The United States federal government was to be annually charged the equivalent of 12,000 Algerian sequins (i.e US dollars 21,600, 64,800 gold francs) to protect its trade from piracy. This toll was served uninterrupted until 1810, and payment was suspended in 1811, and it was also to provide a 32-gun frigate and three other ships:

- Berge Crescent (renamed in Algiers El Merikana for The American) of 32 guns, designer Josiah Fox, launched 29/06/1797 at Portsmouth, 122 feet – 32 feet plus 10 feet 2 inches;
- 22-gun brig Hassan Bashaw/Hassan Pasha, designer Samuel Humphreys, launched in 1798 in Philadelphia, 275 long tone, 97 feet or 93 feet 2 inches plus 27 feet plus 11 feet 6 inches
- 20-gun schoonk Skjoldebrand, designer Benjamin Hutton, built at Philadelphia, 77 feet 6 inches plus 23 feet plus 10 feet 6 inches;
- 18-gun Lelah Eisha schooner, designer Samuel Bowers.
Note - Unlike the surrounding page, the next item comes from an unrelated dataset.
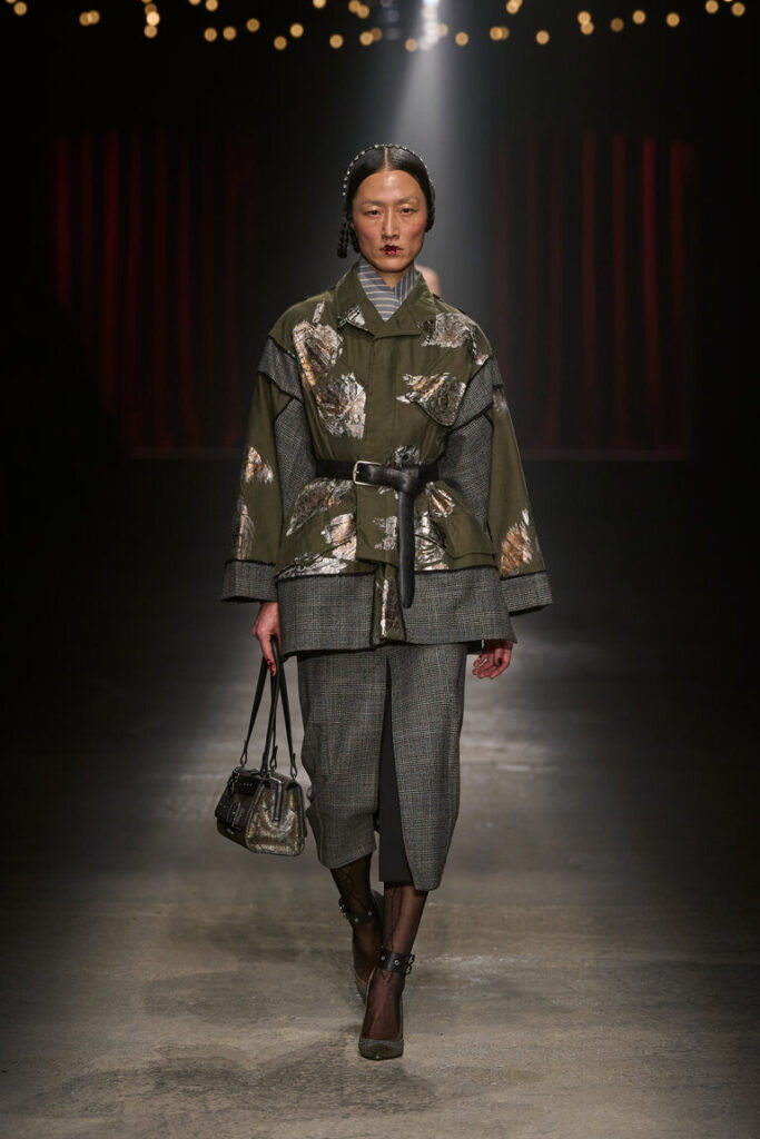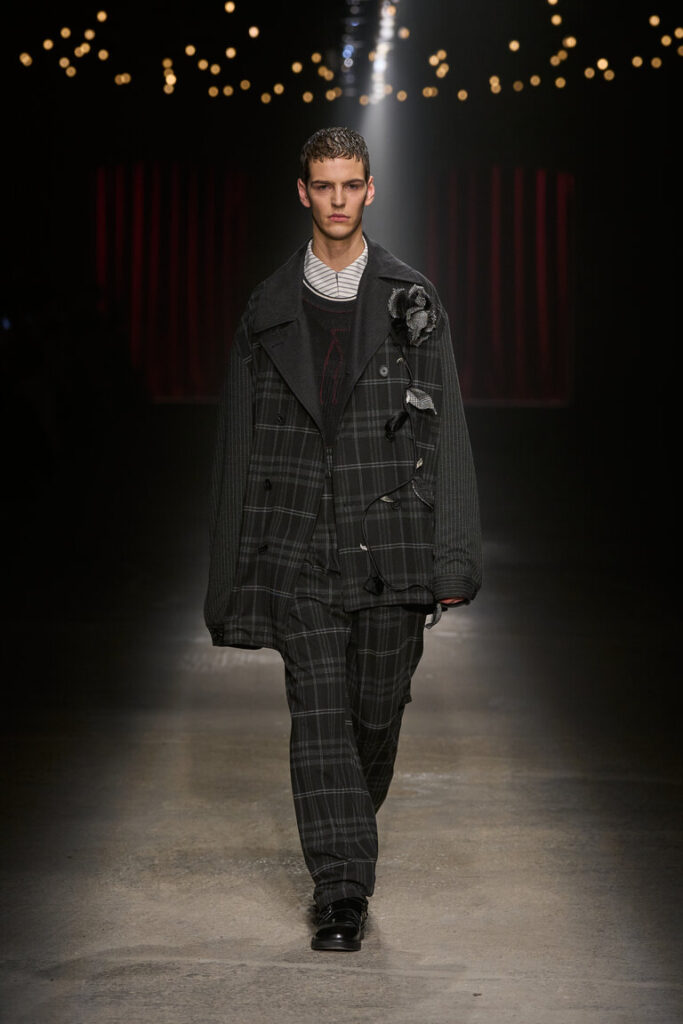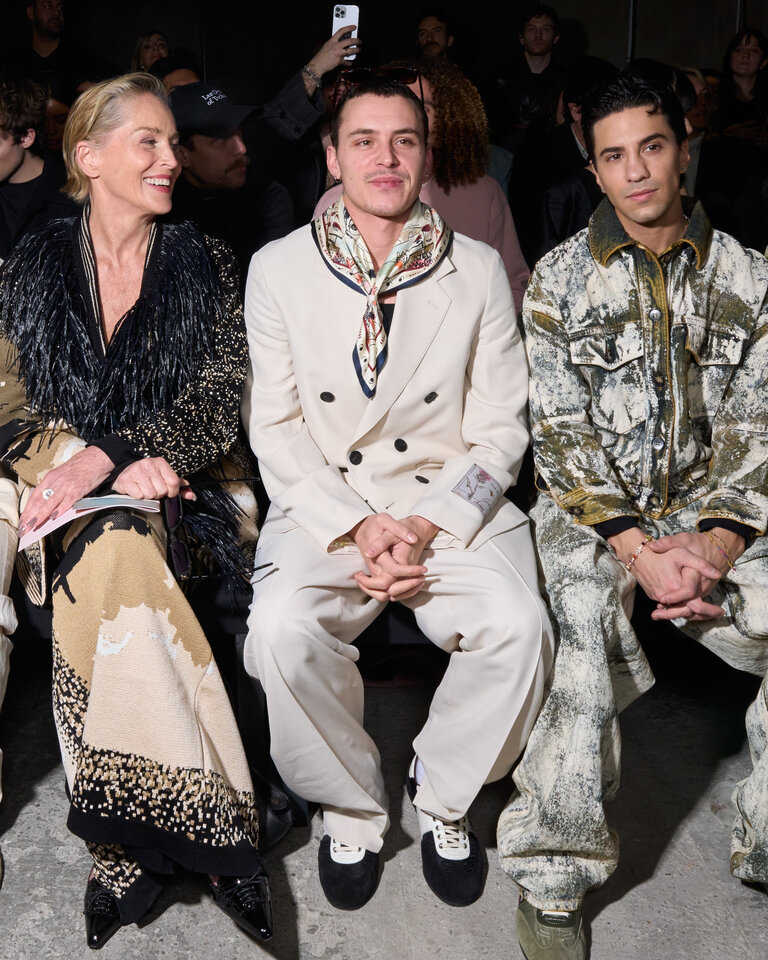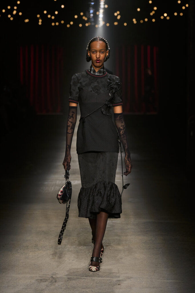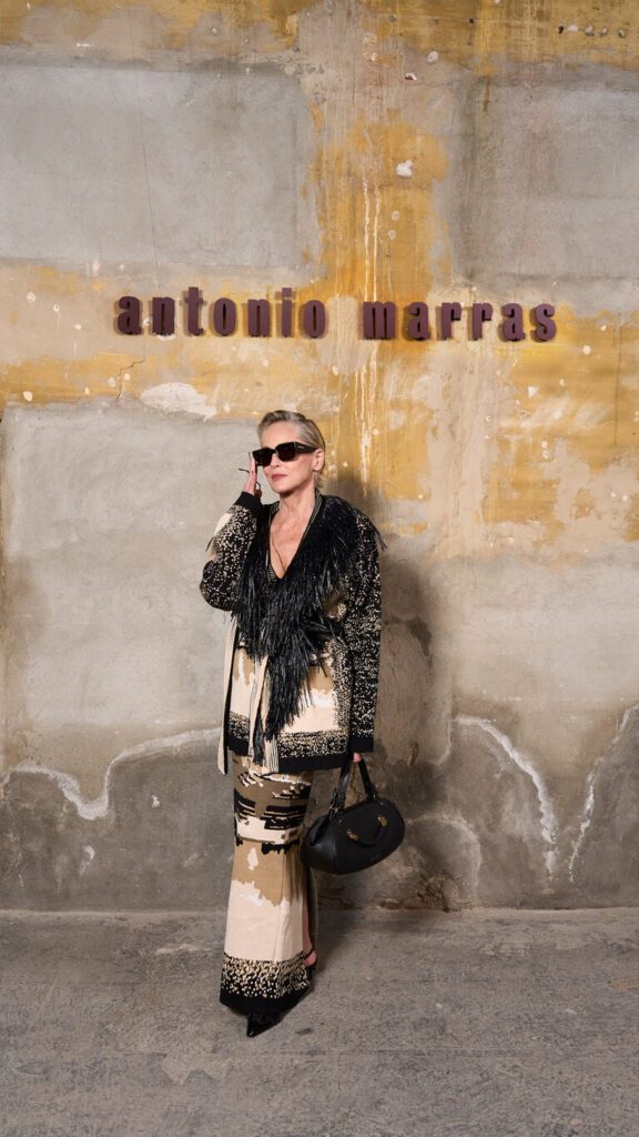 La Bella d’Alghero è un melodramma che racconta la tipica storia di lei, lui, l’altra. Due sorelle si contendono un uomo e tra litigi e rifiuti finisce (spoiler) con la morte del protagonista, Efisio, l’uomo del contendere. Alghero fa da sfondo a questa vicenda e chi più di Antonio Marras poteva incantare con la sua moda che inscena il desiderio e il melodramma insieme. Ricami, decori e inserti si intrecciano a pennellate di schizzi, quasi che l’abito fosse un foglio bianco su cui versare i suoi motivi caratteristici: le mani, le rose, i punti e le linee e i ritratti. “Mi appassiona dar voce a cose apparentemente mute, perché diventino abiti che parlano” dice lo stilista, che anche grazie al Gruppo Calzedonia oggi è libero di continuare a creare bellezza. E chi più di Sharon Stone, diva iconica, a rappresentare bellezza e amore.
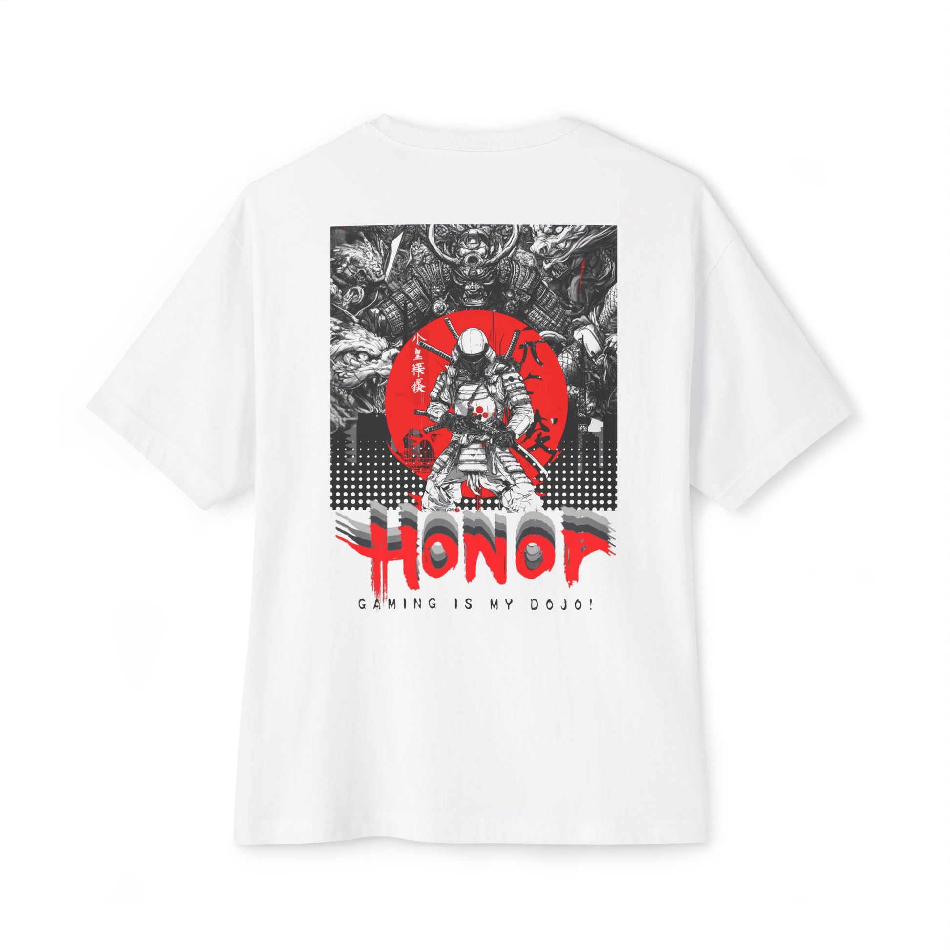 This Honor "Gaming is My Dojo" Oversized Boxy Tee gives off a casual and relaxed vibe, perfect for gamers and esports enthusiasts. It can be worn for gaming sessions, lounging at home, or hanging out with friends. This tee is relevant for gaming conventions, video game release dates, and esports tournaments.

The treaty was purchased by the United States at an estimated cost of USD 992,463.25 by the United States Department of the Treasury.

== Continuation ==
In 1801, Yusuf Karamanli, the pasha of Tripoli, demanded that the United States pay an increase in the United States' price. This demand was repulsed and the pasha with his allies from the Barbary Coast declared war on the United States on 14 May 1801.

US President Thomas Jefferson then sent United States Navy ships shelling the cities of Tripoli and Algiers and renegotiated the treaty in 1805.

In April 2006, US Secretary of State Condoleezza Rice offered a copy of the original of the treaty to Algerian Foreign Minister Mohammed Bedjaoui.